Duties and Responsibilities
· Develop, increase the expertise in the field of lymphoma and update the medical information for the French subsidiary concerning the available literature, the management, the disease environment and the available data on available products and products under development in the market.
· Contribute to the realization and monitoring of medical strategic plans in the therapeutic area of interest.
· Support the organization of medical events type symposium, advisory board, national medical meeting.
· Provide a medical and scientific contribution to related activities (projects for patients, communication campaigns, scientific symposia, medical meetings in French regions if applicable).
· Support the adaptation, review and validation of EU and/or local training and scientific materials for provision of medical teams in French regions (MSLs) and marketing / sales teams.
· Participate in the proposal for French centers for Incyte-sponsored studies.
· Follow the conduct of Incyte or academic clinical trials (IIRs) in the therapeutic area of interest in coordination with the EU team.
· Accompany the establishment of scientific partnerships with the scientific community involved in lymphoma.
· Support the plan of collaboration and external engagement and its follow-up.
· Contribute to internal scientific training for MSLs, KAMs (initial training, certification, continuing education), other departments including preparing or performing appropriate presentations.

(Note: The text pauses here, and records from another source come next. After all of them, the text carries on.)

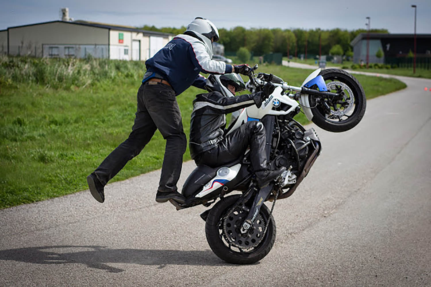 Nos sessions sont encadrées par BigJim , pilote officiel BMW et diplômé d’État. Avec lui, vous apprendrez à maîtriser des techniques avancées telles que le wheeling , le stoppie , le drift et bien d’autres encore, le tout dans un cadre sécurisé et convivial.
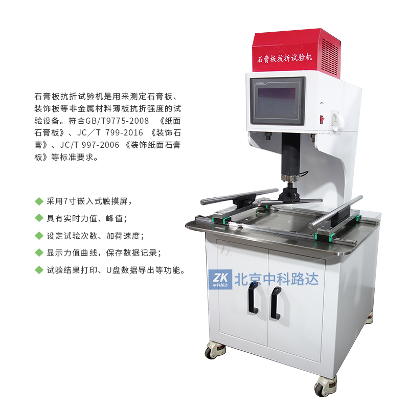 石膏板抗折試驗(yàn)機(jī)是用來測定石膏板、裝飾板等非金屬材料薄板抗折強(qiáng)度的試驗(yàn)設(shè)備。符合GB/T9775-2008 《紙面石膏板》、JC∕T 799-2016 《裝飾石膏》、JC/T 997-2006 《裝飾紙面石膏板》等標(biāo)準(zhǔn)要求。采用7寸嵌入式觸摸屏,具有實(shí)時(shí)力值、峰值;設(shè)定試驗(yàn)次數(shù)、加荷速度;顯示力值曲線,保存數(shù)據(jù)記錄; 試驗(yàn)結(jié)果打印、U盤數(shù)據(jù)導(dǎo)出等功能。
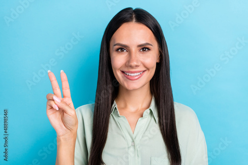 Photo of young cheerful girl good mood show fingers peace v-symbol isolated over blue color background
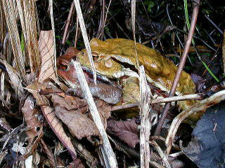 春五月 冬眠からさめて…必死の交尾中 (上がオスです) 鳥取県は 西日本に生きるニホンヒキガエルと 東日本に生きるアズマヒキガエルの 移行地域にあたるのだそうです |
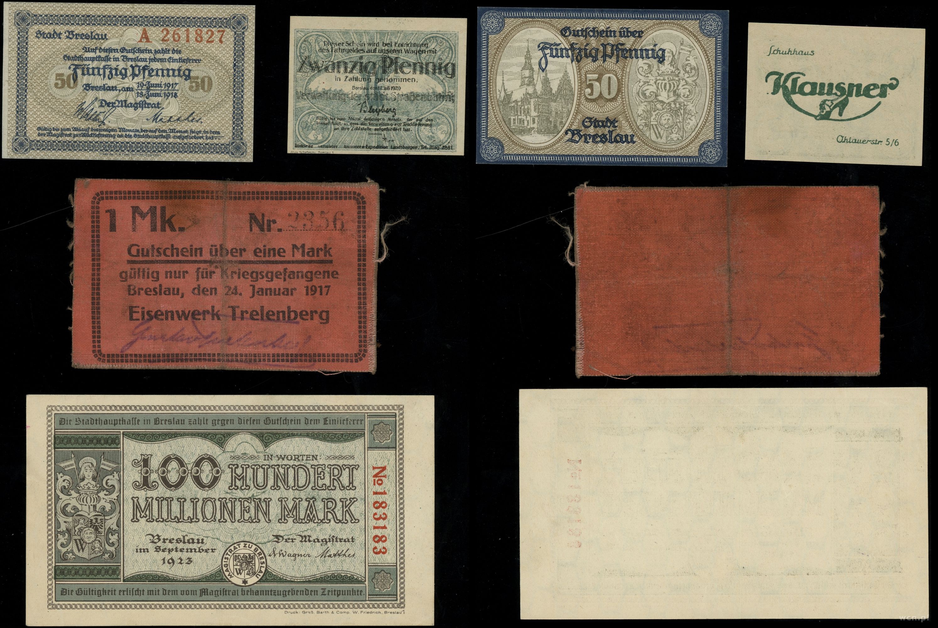 w zestawie: 100.000.000 marek 09.1923, 1 marka 24.01.1917 (druk na płótnie - stan III-), 50 fenigów 19.06.1917, 20 fenigów 12.07.1920

· Follow the budget attached to the projects under his/her responsibility.
· Share his/her experience with colleagues in Medical Affairs in France and Europe.
· Represent the medical team in transverse projects in France and in Europe.
· Ensure compliance with good clinical practices and local and international regulations in place. Coordinate with the DPO (Data Privacy Officer).
· Comply with the Company's procedures and ensure compliance with the conformity of the legal and regulatory guidelines that govern scientific interactions with physicians and health professionals through all activities, including those related to clinical trials, scientific interactions with internal and external groups, and responses to non-solicited requests for medical and scientific information.
· Contribute to ensure compliance with the Quality Policy of Incyte Biosciences France.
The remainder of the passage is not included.